Welche praktischen Schritte sollten jetzt unternommen werden? Zuerst entfernen Sie sofort jede verdächtige Erweiterung oder eine der in den Berichten. Es wird dann empfohlen, die Schließung von Sitzungen in kritischen Diensten zu zwingen und Passwörter zu ändern, insbesondere wenn der Browser verwendet wurde, um auf Geschäftskonten zugreifen. Die Aktivierung der Multifaktor-Authentifizierung (2FA) ist eine wichtige, aber nicht unfehlbare Bremse, wenn der Angreifer in der Lage ist, gültige Cookies zu injizieren; daher ist es auch ratsam, die Zugriffsdaten der verwendeten Plattformen zu überprüfen - viele Dienste zeigen aktuelle aktive Sitzungen und IP-Adressen - und die, die wir nicht erkennen. In Unternehmensumgebungen sollte die Antwort auf Geräteüberprüfung, Service-Account-Berechtigungen Rotation und Block-Anwendung von der zentralen Verwaltung, soweit möglich.
Dieser Fall zeigt, dass Browser-Sicherheit jetzt ein wesentlicher Bestandteil der Cyberdefence von Unternehmen ist. Es ist nicht nur eine Frage der Vermeidung von schädlichen Erweiterungen, sondern die Einrichtung von Kontrollen, um zu überprüfen und zu begrenzen, welche Ergänzungen installiert werden können, mit zentralisierten Erweiterungsmanagement-Richtlinien und die Aufrechterhaltung eines zuverlässigen Software-Inventars. Für IT-Experten und Sicherheitsbeamte sind die Anleitungen und Empfehlungen von Lieferanten und Notfall-Responsorzentren nützlich, wenn sie auf solche Verpflichtungen reagieren. Socket bietet eine technische Analyse und Proben, die die beobachteten Techniken vertiefen können: Lesen Socket-Bericht.
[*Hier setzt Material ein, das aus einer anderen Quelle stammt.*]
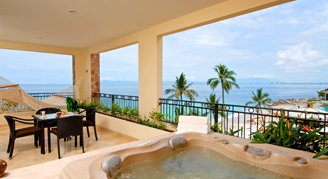 Additional amenities include three bedrooms, each with a king bed, 3.5 bathrooms (three with a whirlpool tub), floor-to-ceiling sliding glass doors in all living areas, a kitchen, a living and dining area, a washer and dryer, a wraparound terrace featuring a panoramic view of Banderas Bay, a Jacuzzi, an outdoor living and dining space, and butler service.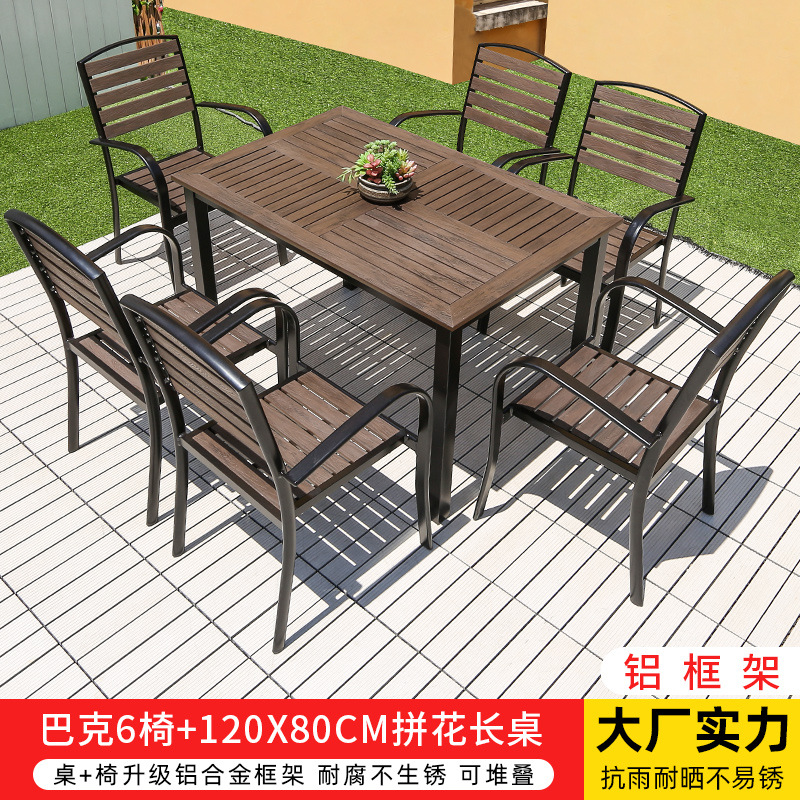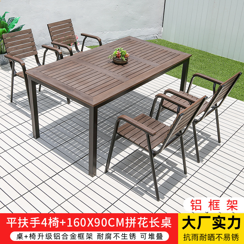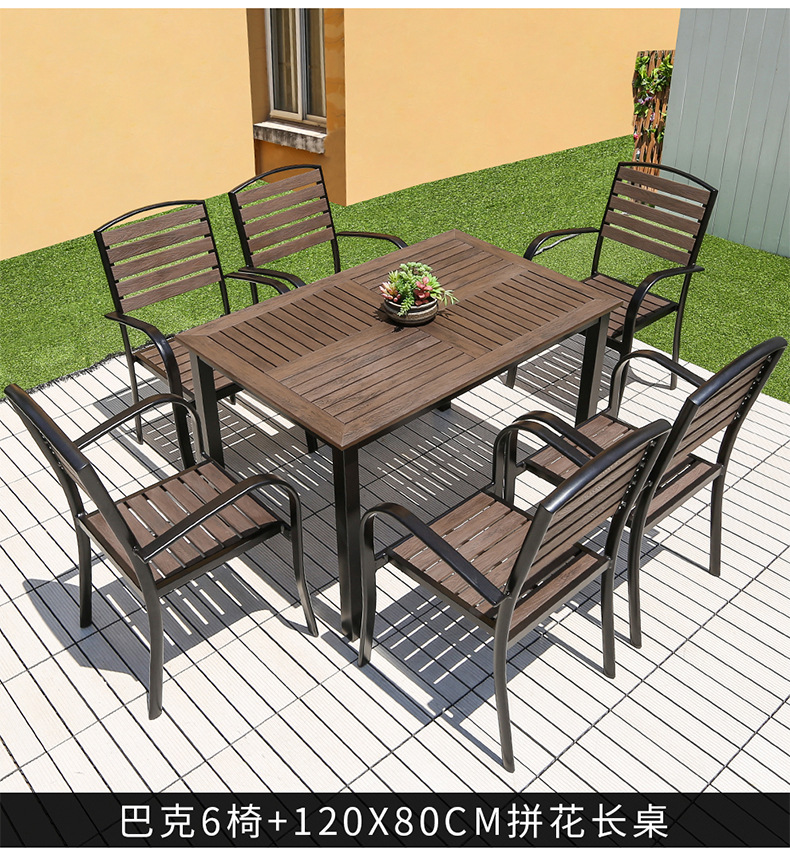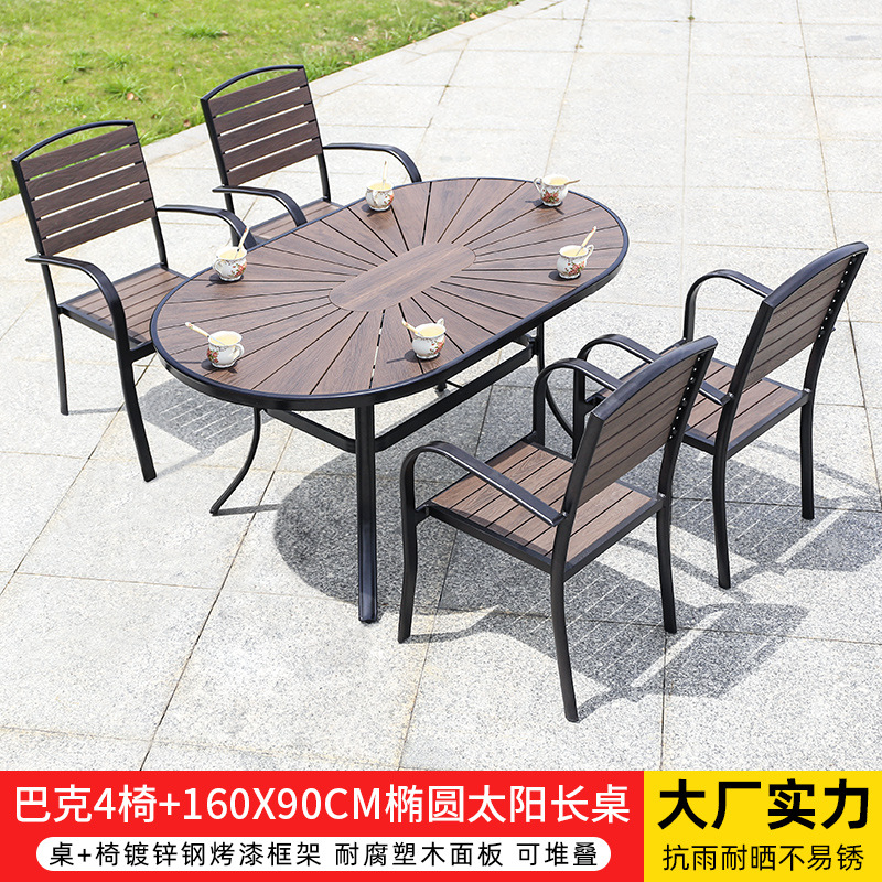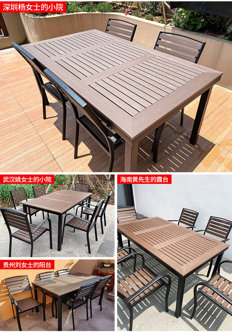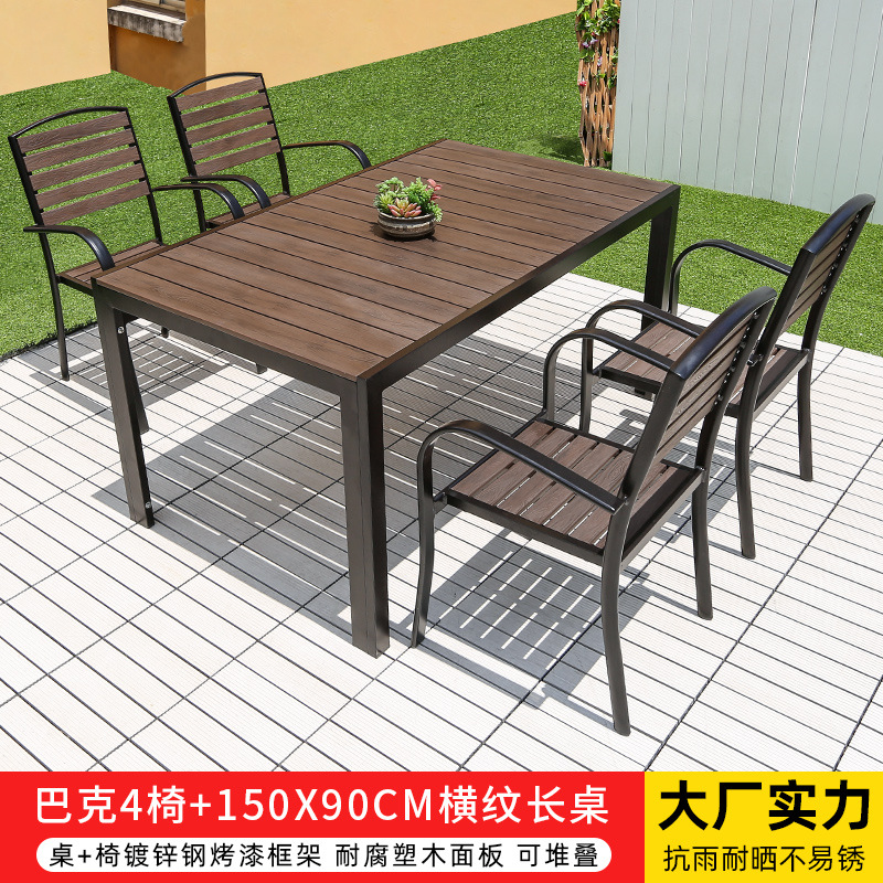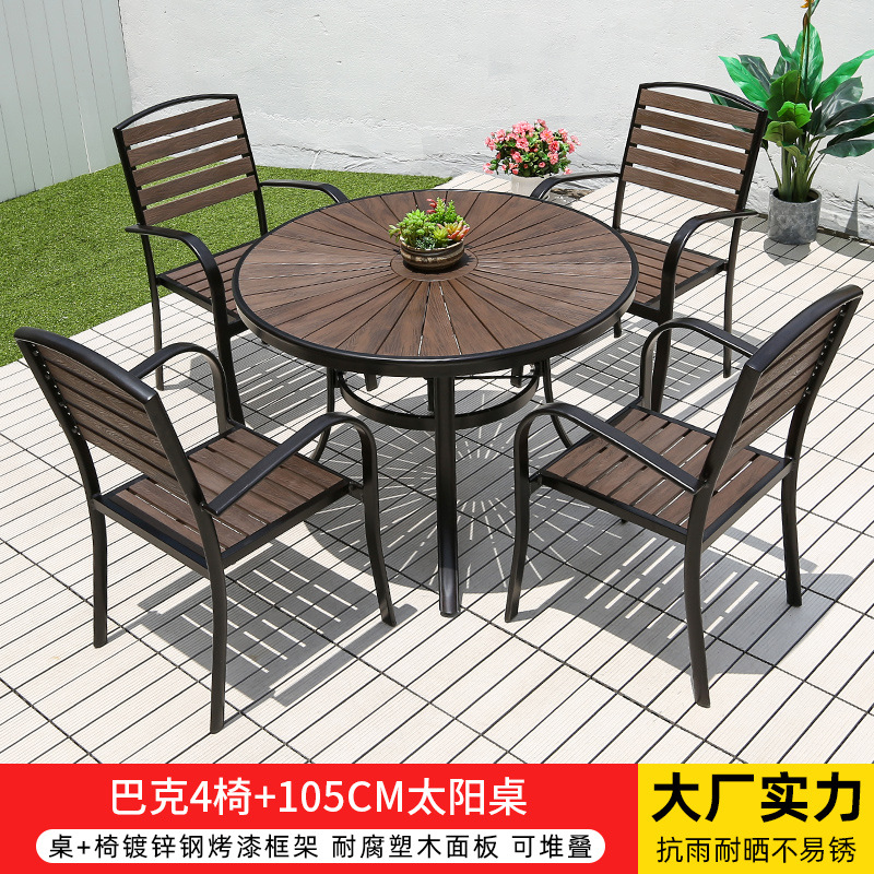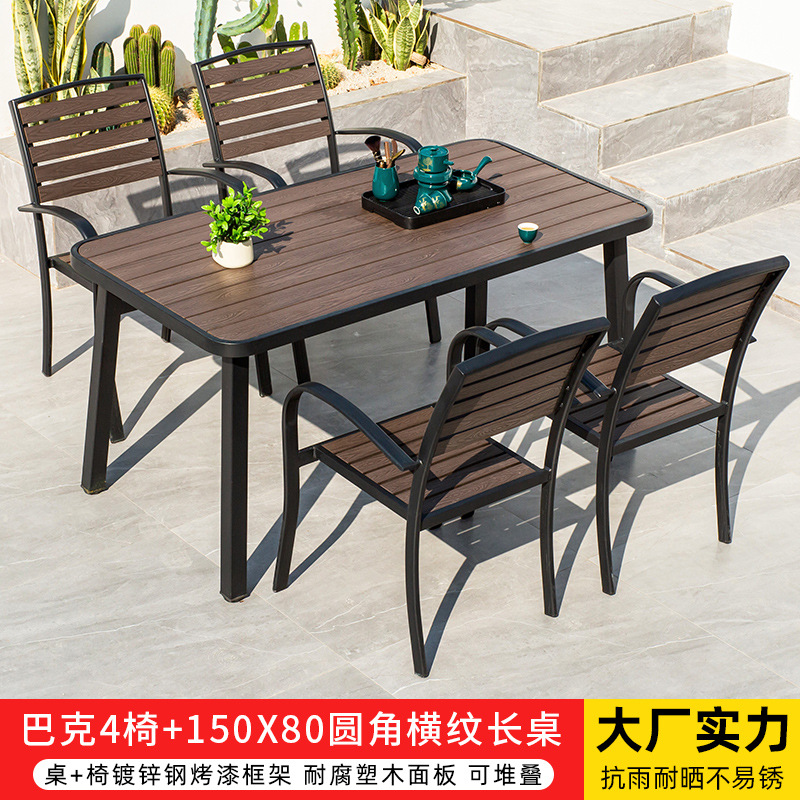 야외 안뜰 테이블과 의자 플라스틱 나무 야외 야외 레저 식탁 방수 탈색 목재 발코니 정원 카페 조합스토어 가기

Kurz gesagt, Browser-Erweiterungen sind sehr praktisch, aber sie können auch mächtige Waffen in falschen Händen sein. Die strenge digitale Hygiene, die Einschränkung der Verwendung von Ergänzungen zu den streng notwendigen und die Sicherheitskontrollen an Arbeitsplätzen und Unternehmensbrowsern sind Aktionen, die das Risiko, dass ein einfacher Klick endet in einem weitreichenderen Eindringen erheblich reduzieren.